Judge of the New Mexico Supreme Court
- In office January 1, 1925 – March 4, 1947
- Preceded by: Tomlinson Fort
- Succeeded by: James C. Compton

Personal details
- Born: May 3, 1871 Mexico, Missouri, U.S.
- Died: March 4, 1947 (aged 75) Santa Fe, New Mexico, U.S.
- Spouse: Ruth K. Phillips ​ ​(m. 1897; died 1910)​
- Children: 1
- Education: University of Missouri School of Law

= Howard L. Bickley =

American judge (1871–1947)

Howard Lee Bickley (May 3, 1871 – March 4, 1947) was an American lawyer and judge. Originally from Missouri, he relocated to New Mexico and became chief justice of the New Mexico Supreme Court.

== Life and career ==
Bickley was born in Mexico, Missouri. He graduated from the University of Missouri School of Law in 1895, and then returned to Mexico to practice law. He was elected prosecuting attorney for Audrain County on the Democratic ticket. He moved to Raton, New Mexico in 1904, and practiced law there until he became a judge.

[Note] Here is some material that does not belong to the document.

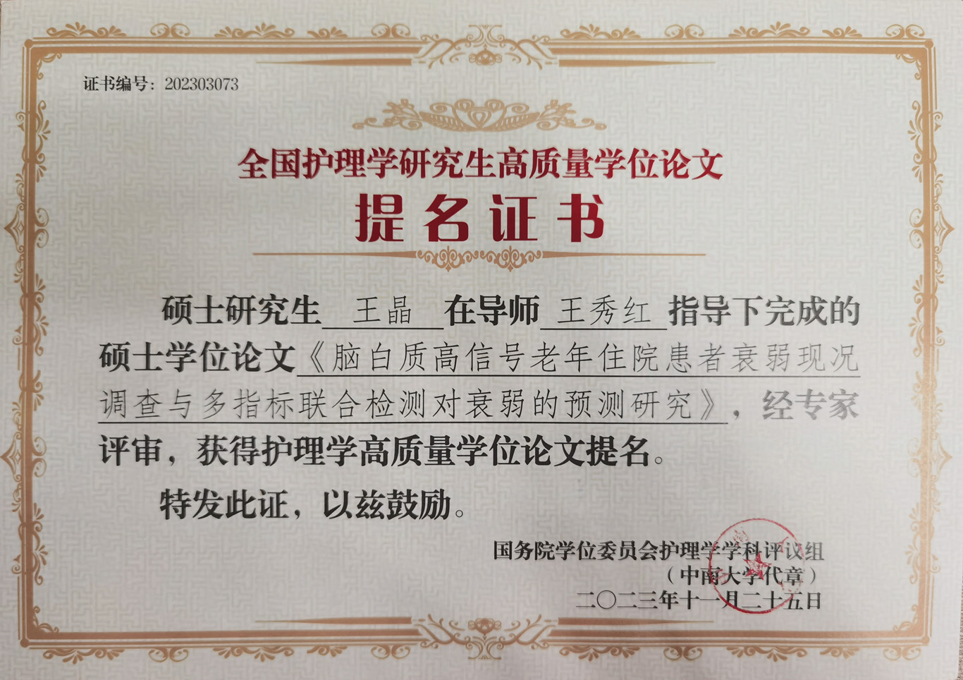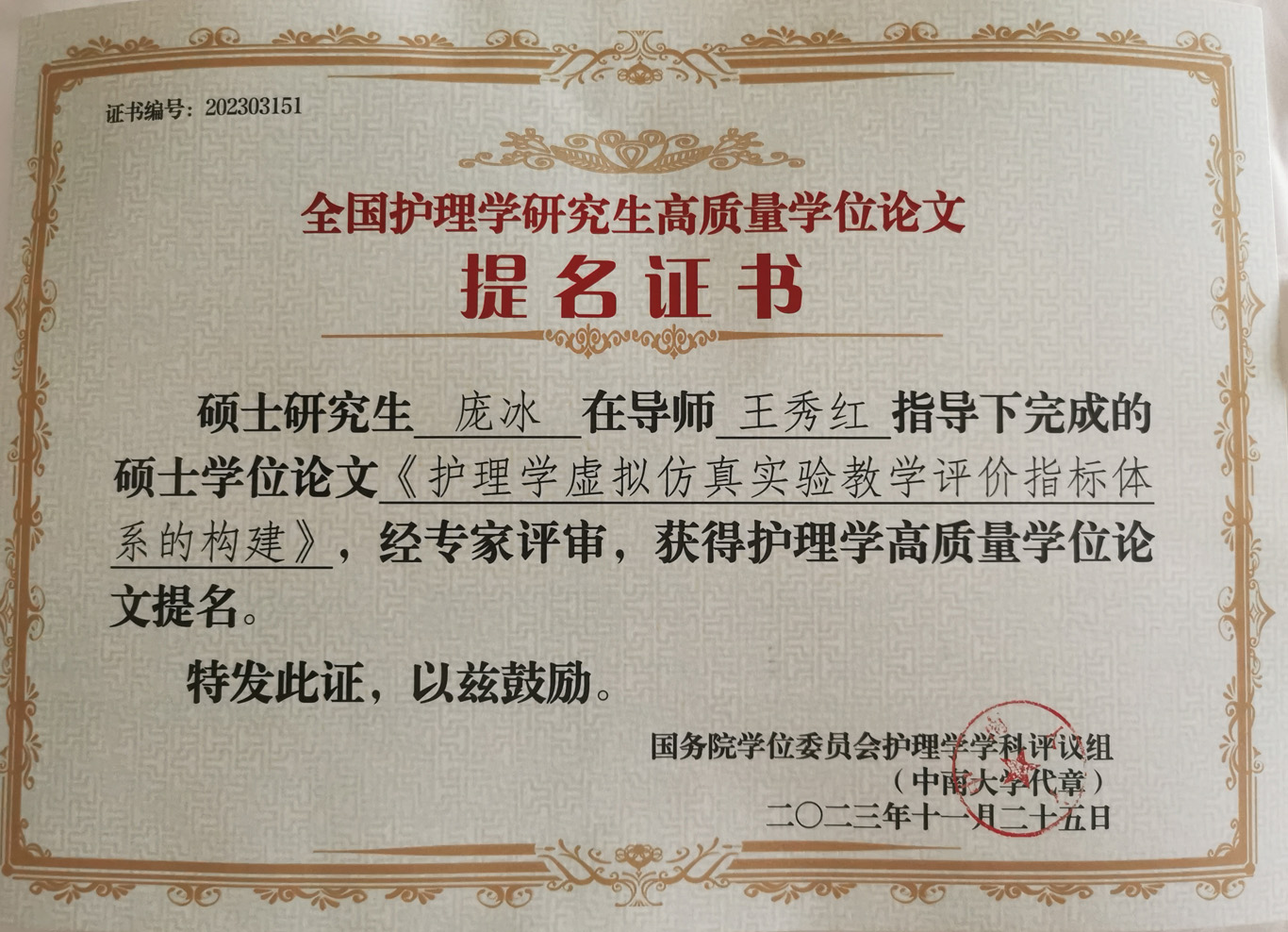 会议公布了前期由教育部护理学学科评议组开展的“高质量学位论文评选工作”情况及结果。来自全国70余所院校、2020届到2023届232篇博士硕士优秀论文进入评选目录。由研究生导师王秀红指导的kaiyun开云官方网站2021届护理学学硕研究生王晶、2023届护理学学硕研究生庞冰的学位论文获评高质量学位论文提名奖。

He was elected to the New Mexico Supreme Court as a Democrat, and began his service January 1, 1925. He was re-elected in 1932 and 1940. He served as chief justice three times during his tenure, the last time from January 1, 1947 until his death. He administered the oath of office to four governors.

In both 1930 when Edward Terry Sanford died, and in 1932 when Oliver Wendell Holmes Jr. retired from the Supreme Court of the United States, Bickley was on President Herbert Hoover’s list of possible replacements, although the seats ultimately went to Owen J. Roberts and Benjamin N. Cardozo.

Bickley died of a sudden heart attack in his home in Santa Fe the night of March 4, 1947. A freemason, his funeral services were conducted on March 6 at the Scottish Rite Cathedral in Santa Fe. State offices were closed the same day for an hour and a half in his memory. He was buried in Fairmont Cemetery in Raton, next to his wife.

== Personal life ==
He married Ruth K. Phillips in 1897 in Mexico, Missouri; Ruth died in 1910 and he did not remarry. They had one daughter, Frances.